INFORMATION SHOWN =
:::::
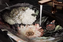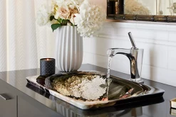 The Dutchmaster collection captures the movement and lush beauty of flowers, bringing bold artistic photography to the bathroom sink. Kohler collaborated with “florography” artist Ashley Woodson Bailey to create this exquisite floral composition. Inspired by Dutch master paintings of the 17th century, the glorious pattern is abloom with peonies, dahlias, ranunculus, and hydrangea, dramatically lit on a dark backdrop in the style of chiaroscuro painting. Rendered on the graceful contours of the Carillon vessel sink, Dutchmaster stands as a bold statement piece in the bath.
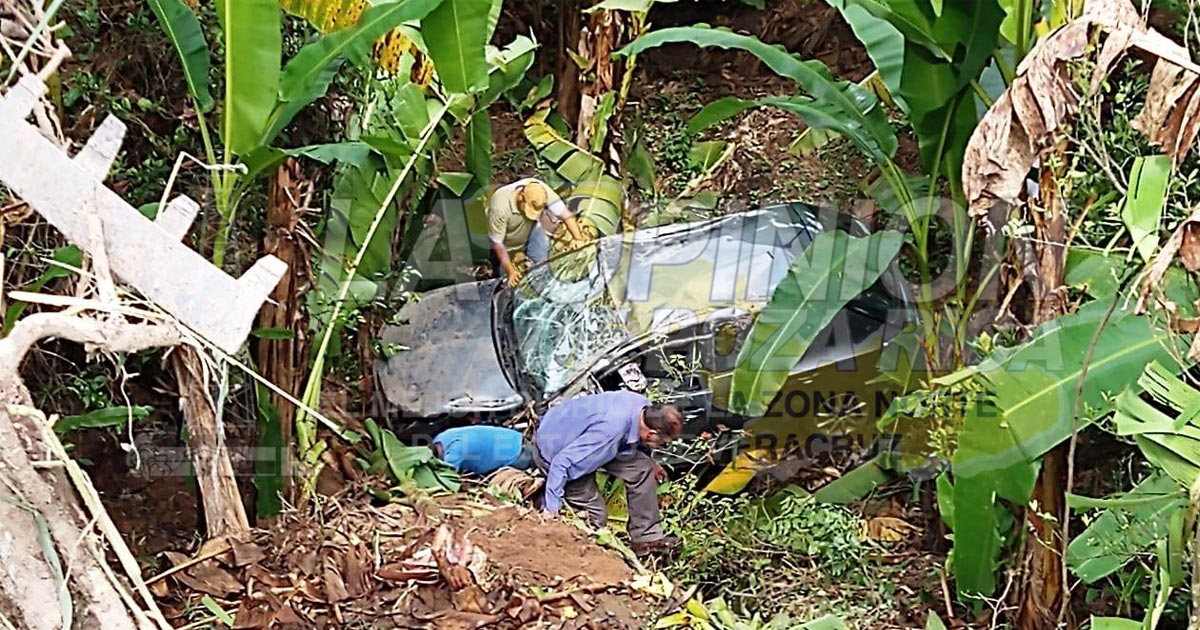 El accidente se registró a eso de las 11:00 horas de este sábado, en donde participó una camioneta Ibiza color gris y una camioneta color rojo, la cual quedo dañada y estaba estacionada a un costado de la cinta asfáltica, mientras que el vehículo de uso familiar se fue al precipicio.
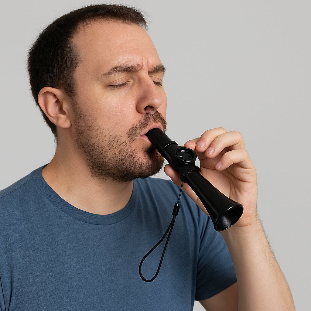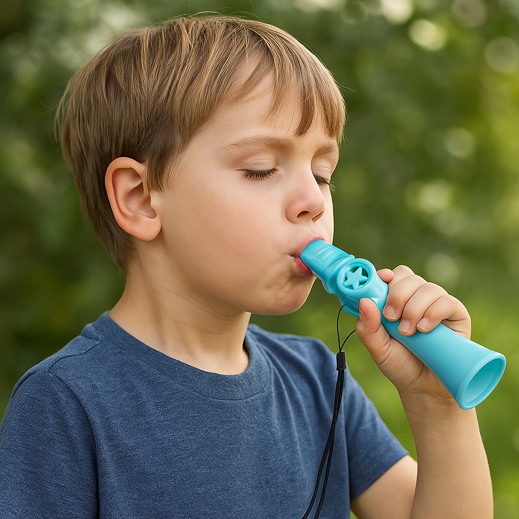 Bare syng, nyn eller tal ind i den – og oplev hvordan lyden bliver forstærket og forvandlet til en sjov, buzzy tone, der minder om et mix mellem en trompet og en synthesizer!
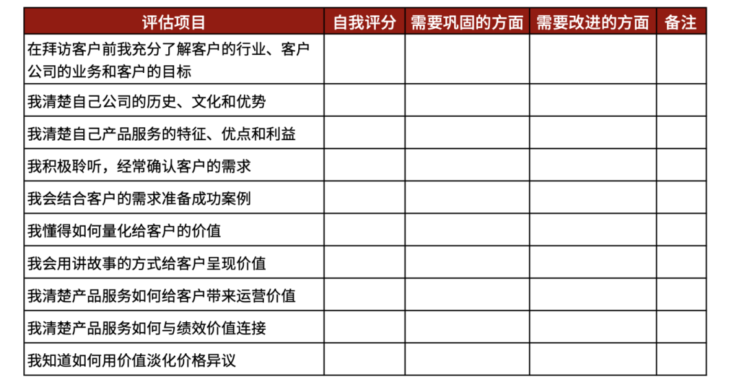 所以,销售人员要清楚客户的绩效目标和相应的绩效KPI指标,客户中谁对这些目标负责,然后向客户展现你的产品和服务对客户达成绩效目标的好处。这一点在上一讲的目的穿透中已经说明。
:::::
WHAT IS BEING ASKED = The copy must begin at the line containing "El accidente se" and end at the last line of the data above, with every line retyped exactly and no pictures included.

TASK SOLUTION =
 El accidente se registró a eso de las 11:00 horas de este sábado, en donde participó una camioneta Ibiza color gris y una camioneta color rojo, la cual quedo dañada y estaba estacionada a un costado de la cinta asfáltica, mientras que el vehículo de uso familiar se fue al precipicio.
 Bare syng, nyn eller tal ind i den – og oplev hvordan lyden bliver forstærket og forvandlet til en sjov, buzzy tone, der minder om et mix mellem en trompet og en synthesizer!
 所以,销售人员要清楚客户的绩效目标和相应的绩效KPI指标,客户中谁对这些目标负责,然后向客户展现你的产品和服务对客户达成绩效目标的好处。这一点在上一讲的目的穿透中已经说明。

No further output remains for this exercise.